Образование эмпиемы в послеоперационном периоде является угрожающим осложнением пневмонэктомии. Серьезность дан­ного осложнения заключается в невозможности ликвидировать инфицированную полость и, следовательно, в сложности анти­септической обработки. Приблизительно у 40% больных эмпие­мы, образовавшиеся после пневмонэктомии, осложнены бронхоплевральным или эзофагоплевральным свищом [40]. Поэтому у всех больных с подобной эмпиемой следует произвести брон­хоскопическое исследование и рентгенологическое исследование пищевода с бариевой взвесью.

Частота случаев эмпиемы у больных, перенесших пневмонэктомию, колеблется от 2 до 12% [57, 58]. Вероятность образо­вания эмпиемы следует иметь в виду у каждого больного, пере­несшего пневмонэктомию, если у него повысилась температура, откашливается плевральная жидкость, из послеоперационной раны выделяется гнойный экссудат, а средостение проходит по средней линии или смещено в противоположную сторону (см. рис. 34). Диагноз устанавливают на основании данных бактериоскопии плевральной жидкости, полученной при торакоцентезе, при окраске по Граму. Если со времени пневмонэк­томии прошло несколько недель, то место для торакоцентеза следует выбирать с помощью ультразвукового исследования. В большинстве случаев эмпиемы, возникшие после пневмонэк­томии, вызваны Staphylococcus aureus [40, 58, 59], но иногда возбудителем могут быть и такие грамотрицательные бактерии, как Escherichia coli, Pseudomonas и Proteus, а также различные грибы.

В настоящее время имеются два подхода к лечению больных с эмпиемами, связанными с пневмонэктомией. Согласно перво­му методу, описанному Clagett и Geraci [60], путем резекции части ребра длиной в несколько сантиметров ниже места торакотомии и одного — двух ребер выше него в полости эмпиемы создается большое окно (фенестрация).

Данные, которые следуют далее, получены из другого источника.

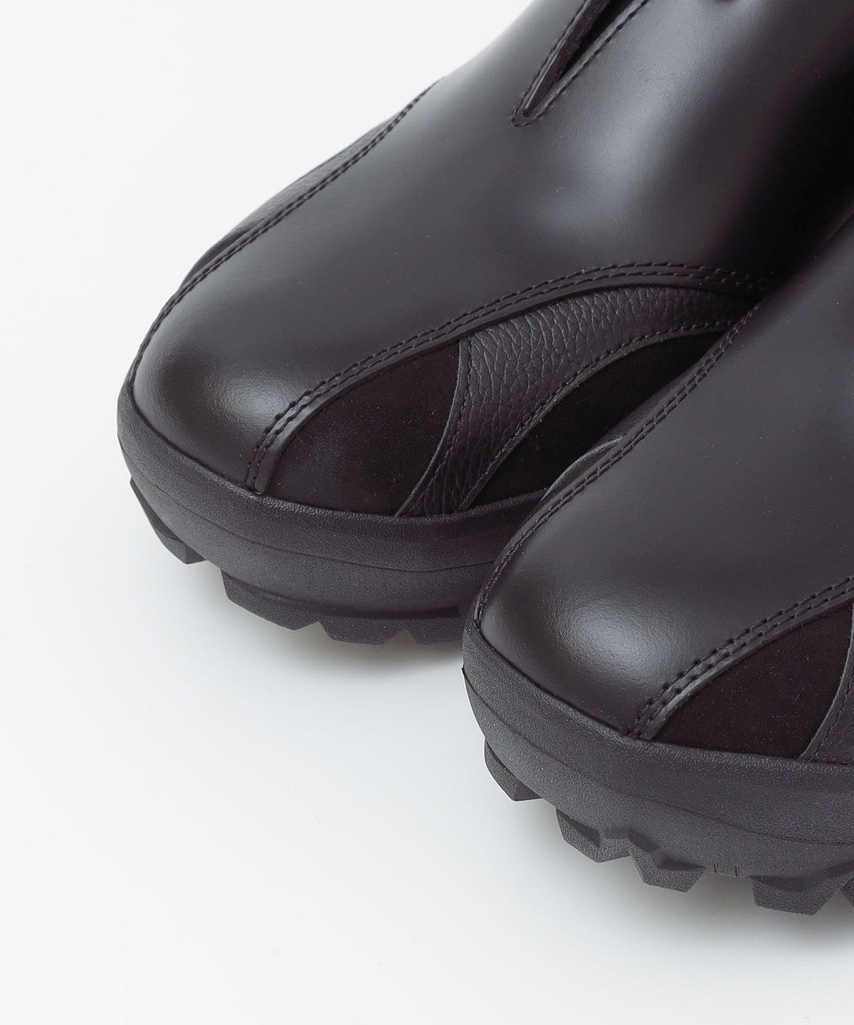アッパー全体は重厚感のある3本のレザーカーブで構成され、見る角度でラインがねじれ、動きの軌跡を描くイメージ。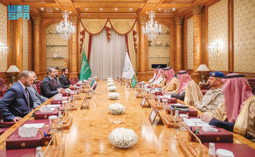 حضر اللقاء صاحب السمو الأمير فيصل بن فرحان بن عبدالله وزير الخارجية، وصاحب السمو الأمير عبدالرحمن بن محمد بن عياف نائب وزير الدفاع، ومعالي رئيس الاستخبارات العامة الأستاذ خالد بن علي الحميدان، ومعالي رئيس هيئة الأركان العامة الفريق الأول الركن فياض بن حامد الرويلي، ومدير عام مكتب وزير الدفاع هشام بن عبدالعزيز بن سيف.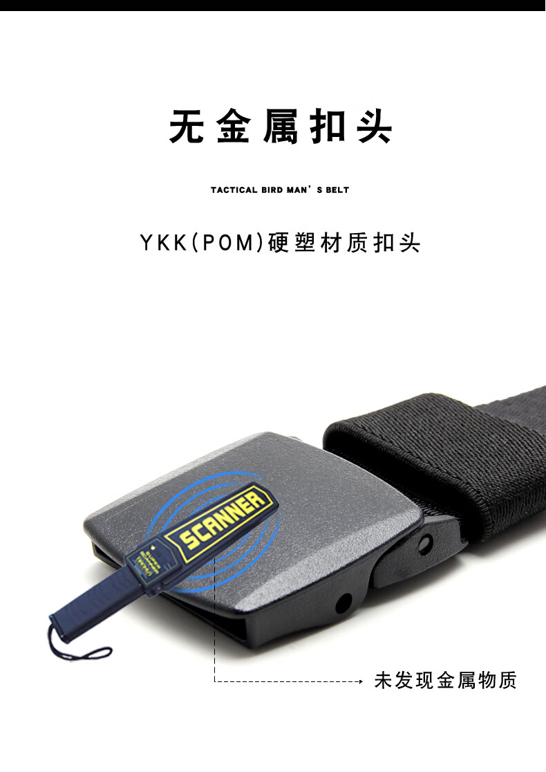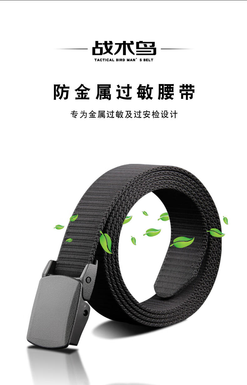 Iron-free nylon belt that passes security inspection, metal-free trouser belt, outdoor smooth plastic buckle canvas belt for denim work, black, one set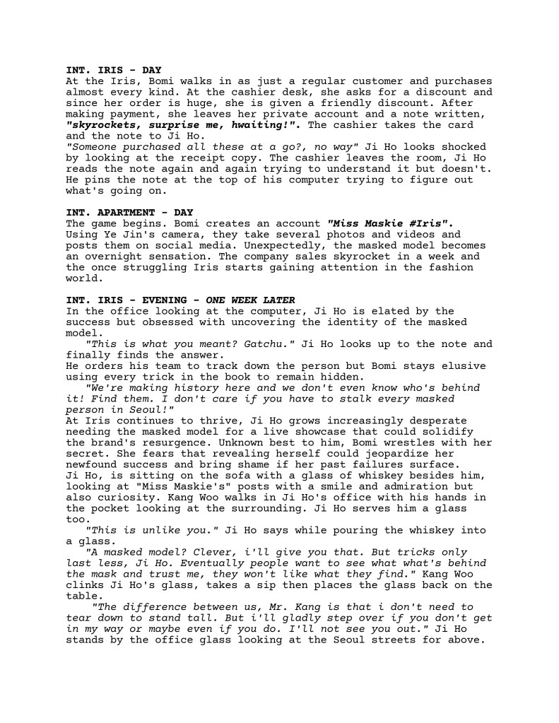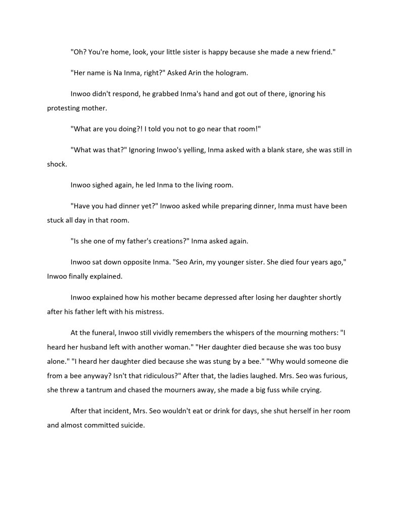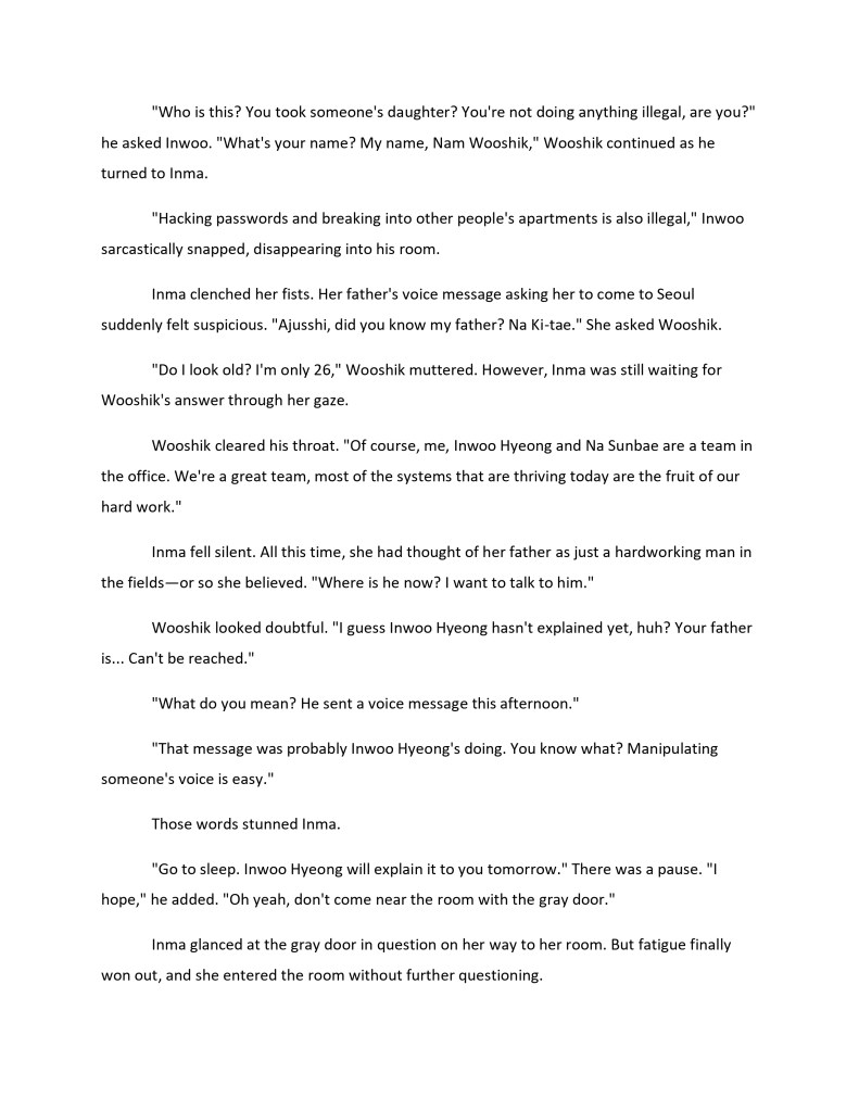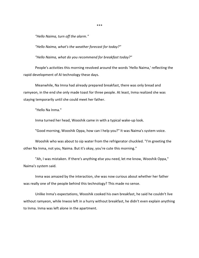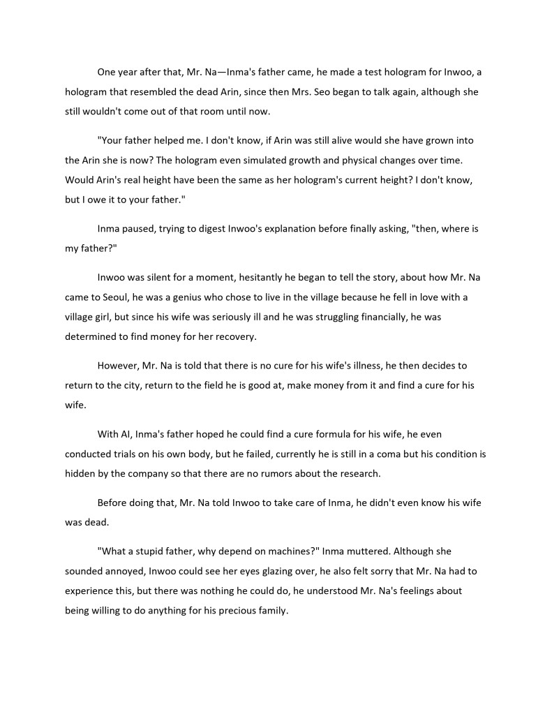(3) Logline: Na Inma, searching for her father, who vanished three years ago, uncovers the shocking truth: he is the genius behind groundbreaking AI, forcing her to rethink everything she believed about him—and herself.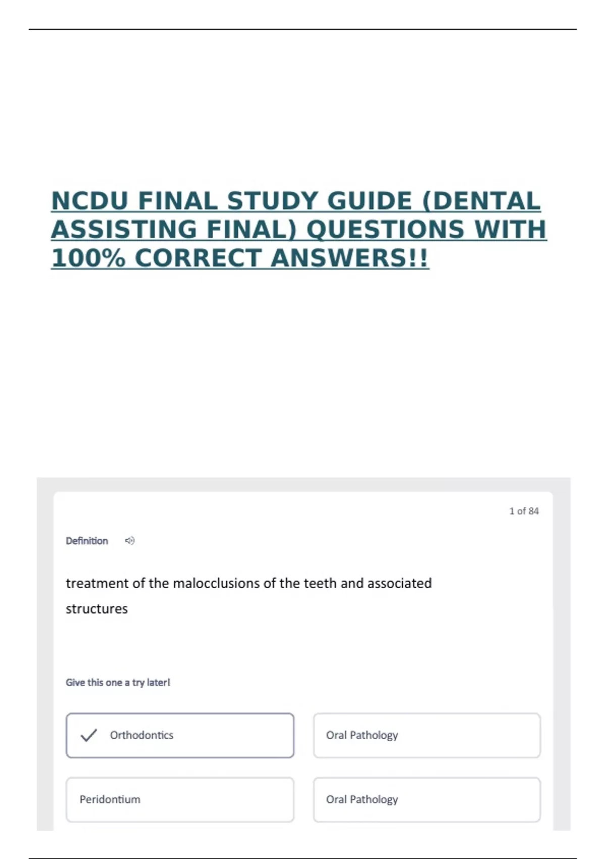 NCDU FINAL STUDY GUIDE (DENTAL

Поверхностная фасция подшивается к надкостнице резецированных ребер, в резуль­тате чего образуется большое отверстие. Ежедневно полость эмпиемы промывают слабым антисептическим раствором, на­пример, 50% раствором Dakin или хлоргексидина (Hibitane) [58]. Промывание продолжают в течение нескольких недель до тех пор, пока экссудат не перестанет быть гнойным, а по­лость эмпиемы не будет очищена от детрита. После этого от­верстие в грудной стенке ушивают, предварительно введя в по­лость 0,25% раствор неомицина.

Goldstraw [58] применил данный метод у 22 больных с эм­пиемой, возникшей после пневмонэктомии. Закрытие полости у 17 из этих больных было успешным, т. е. рецидивов эмпиемы в сроки от 5 нед до 9 лет не наблюдалось. У других 5 больных развился рецидив и была произведена повторная фенестрация, рана закрылась только у 2 из этих 5 больных. Лечение этим методом длительное, период от выполнения фенестрации до закрытия раны в среднем составляет 40 дней [58] (с колеба­ниями от 21 до 74 дней), и обычно больной должен быть гос­питализирован в течение всего этого периода. Однако данный метод, как показали результаты вышеупомянутой работы, эф­фективен приблизительно в ^/з случаев.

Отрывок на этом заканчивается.